The increasing mobility of skilled workers around the world, especially those within developing nations, is creating a talent crisis that will need all HR's talents and focus to resolve.
A study of 5,000 HR professionals by the UK-based think-tank the Adecco Institute has argued that growing skills shortages around the world will require HR to carve out a new role for itself as a long-term talent manager of skilled workers.
Rather than simply filling vacancies as they come up, HR will become increasingly involved in the assessment and long-term planning of their organisation's workforce needs, it said.
A company's success, or lack of it, in managing its talent will also become an important differentiator and unique selling point within the global marketplace.
"This new role of HR management comes as a consequence of three trends converging: globalisation, demographic change and skills shortages," said Donna Murphy, Adecco Institute managing director.
Globalisation in developed countries was increasing the demand for skilled and highly qualified labour, while demand for unskilled worker was, at the same time, shrinking.
This was being compounded by the demographic effect of growing numbers of older workers, particularly in the West.
This trend of older, more qualified workers retiring and fewer young people replacing them would inevitably lead to a talent squeeze, said Adecco.
The majority of people in Europe in the next ten years would, for the first time ever, be older than 40, it pointed out.
And in the U.S the number of workers in the 55-and-older group is projected to grow by 47 per cent in the next eight years, approximately 5.5 times the 8.5 per cent growth of the labour force overall, it added.
Yet, while global demand was growing, the supply was shrinking.

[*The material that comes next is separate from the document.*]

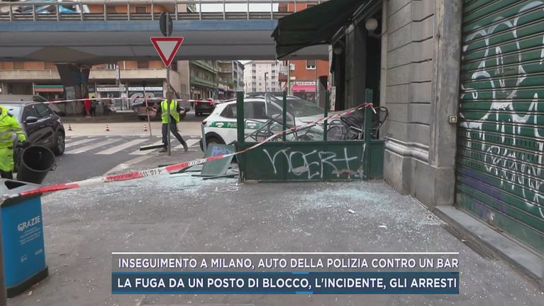 Inseguimento a Milano, auto della polizia contro un bar
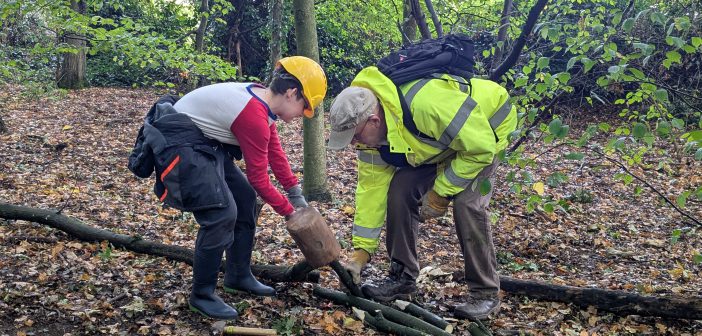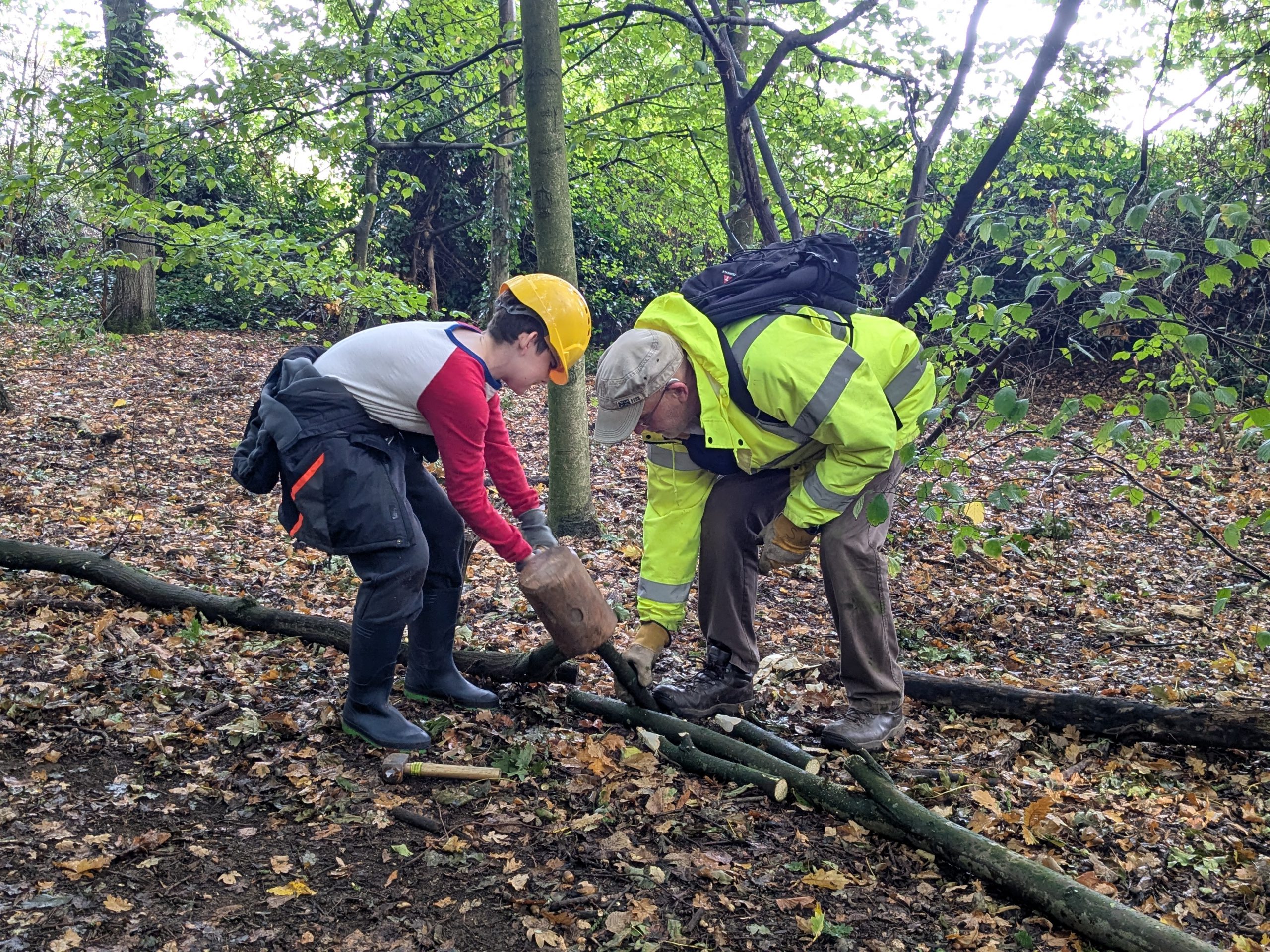 Today’s work party, in lovely weather, attracted 9 volunteers, including newcomers Alice and Duke of Edinburgh candidate Will. This was the first work party since the end of bird nesting, so we were able to get started on the autumn/winter jobs. Today we coppiced a few Wych Elms near the north-east corner and used the timber to replace or re-stake rotten path edging in that area. Bill, with help from Andrew and Julian, failed in an attempt to erect the Green Flag on a tree, as it was not possible to put it high enough. Bill also failed to cut the fallen Ash branch from the path on the SE corner, which will need further work. During the drinks break Julian pointed out some Hornets flying around some trees in the area. Several people had to leave early, so we packed up shortly after noon having accomplished a reasonable amount. Thanks to all.

As a consequence, companies faced more and more competition for the best talent, said Adecco.
"Whereas in the past, business success was primarily a matter of successfully competing for customers, in the future, business success will increasingly depend on successfully competing for qualified employees," said Murphy.

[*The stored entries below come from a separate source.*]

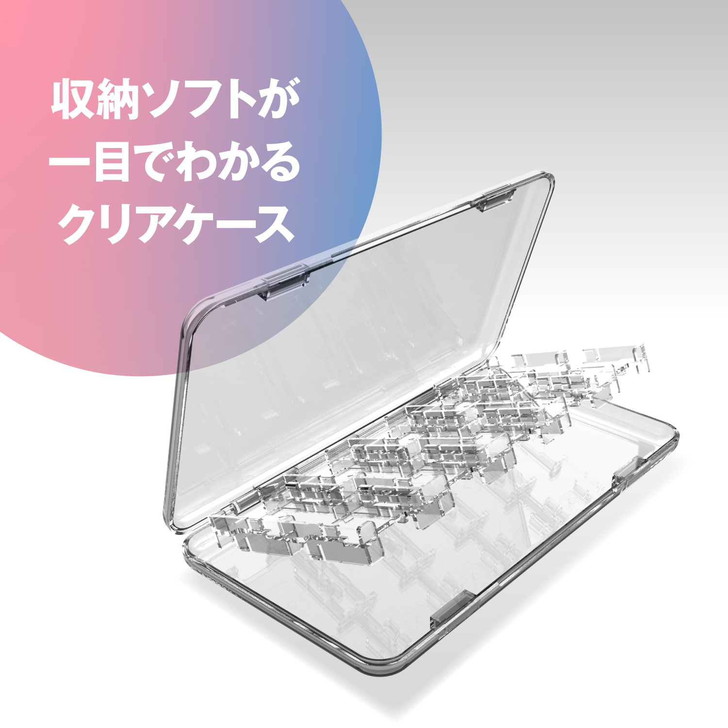 Switch2のソフトはもちろん、SwitchのソフトやmicroSDも収納できるカードケースです。透明なので一目で中身の確認がしやすく、コンパクトで持ち運びにとっても便利!
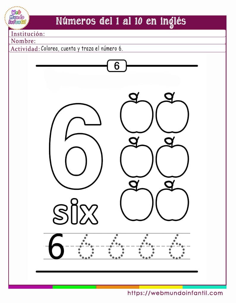 En las siguientes fichas encontrarás ejercicios para trabajar los números del 1 al 10 en inglés donde el niño tendrá que colorear. contar y trazar cada número. Al final del artículo puedes descargar gratis en pdf para imprimir.
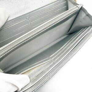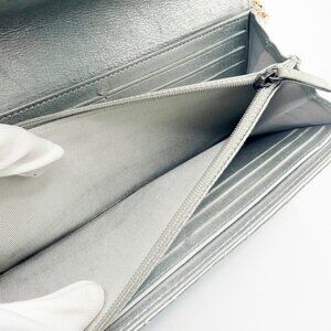 This is an authentic CHANEL CC Chevron V-Stitch Timeless Classic Lambskin Leather Gusset Flap Wallet in Metallic Silver / Gray. This wallet features a silver interlocking CC logo at the front and opens to a matching silver interior with multiple card pockets, open pockets and zipper pockets. Silver hardware. This wallet features a custom added removable insert and chain, turning it into a wonderful daily carry as a shoulder bag, crossbody, or as a clutch. Serial sticker and Chanel Card intact, this is a timeless piece that will only go up in value!

"This scarcity of one of the most critical of all resources – human talent – will position HR management as one of the most forceful factors in a company's growth and productivity.

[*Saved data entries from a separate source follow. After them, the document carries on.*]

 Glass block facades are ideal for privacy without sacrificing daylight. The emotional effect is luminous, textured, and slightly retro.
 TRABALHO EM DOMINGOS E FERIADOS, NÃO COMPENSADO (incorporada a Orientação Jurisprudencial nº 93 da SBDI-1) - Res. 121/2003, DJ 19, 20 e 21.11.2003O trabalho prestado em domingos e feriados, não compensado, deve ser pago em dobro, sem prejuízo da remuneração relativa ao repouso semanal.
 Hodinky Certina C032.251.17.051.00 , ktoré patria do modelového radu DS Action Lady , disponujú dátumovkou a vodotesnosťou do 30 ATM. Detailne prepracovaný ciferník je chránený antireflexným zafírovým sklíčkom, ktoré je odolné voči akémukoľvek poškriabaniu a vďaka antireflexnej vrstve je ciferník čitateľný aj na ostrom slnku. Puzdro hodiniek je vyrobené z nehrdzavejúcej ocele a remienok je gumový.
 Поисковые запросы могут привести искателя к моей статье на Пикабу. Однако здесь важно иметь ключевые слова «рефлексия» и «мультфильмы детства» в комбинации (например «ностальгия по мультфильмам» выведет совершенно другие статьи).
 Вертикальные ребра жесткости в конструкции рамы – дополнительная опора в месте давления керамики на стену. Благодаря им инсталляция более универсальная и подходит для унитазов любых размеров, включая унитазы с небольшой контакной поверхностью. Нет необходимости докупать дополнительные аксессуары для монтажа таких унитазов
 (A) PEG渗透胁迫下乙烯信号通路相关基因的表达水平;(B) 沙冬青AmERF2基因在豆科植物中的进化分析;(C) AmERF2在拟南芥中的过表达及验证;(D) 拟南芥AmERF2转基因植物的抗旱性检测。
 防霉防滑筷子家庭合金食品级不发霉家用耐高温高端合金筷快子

"To meet this challenge, HR practitioners will have to break away from the 'just-in-time' culture of filling vacancies, to a long-term planning of their companies' skills needs," she continued.
Yet the survey found that, currently, the average planning horizon of HR professionals was just 1.1 years.
Organisations were also by and large totally unprepared for the exodus of knowledge and expertise resulting from the ageing of the workforce and the subsequent mass retirement, especially of the Baby Boom generation.
Fewer than a third of European companies had conducted a full analysis of which employees held critical business knowledge while much the same percentage had done nothing at all.
Slightly more than a third of the HR managers polled were already today experiencing particular skills shortages in technical knowledge and a fifth were having problems finding job candidates with the IT skills needed for vacant positions.
"Tomorrow's companies will compete not on low wages or natural resources, but on skills as the driver of innovation and productivity. Growing companies will increasingly look to the global workforce to satisfy their appetite for skills and expertise," said Wolfgang Clement, Adecco chairman and former German minister of economics and labour.
"Technology has demolished the boundaries once presented by geographical distances. Talent can be leveraged regardless of location. These changes will magnify the challenge of managing people and talent.
"Competing for skills will mean finding the right strategy to keep skilled employees, and keeping them engaged, trained and committed. Talent management will increasingly become a key differentiator for companies," he added.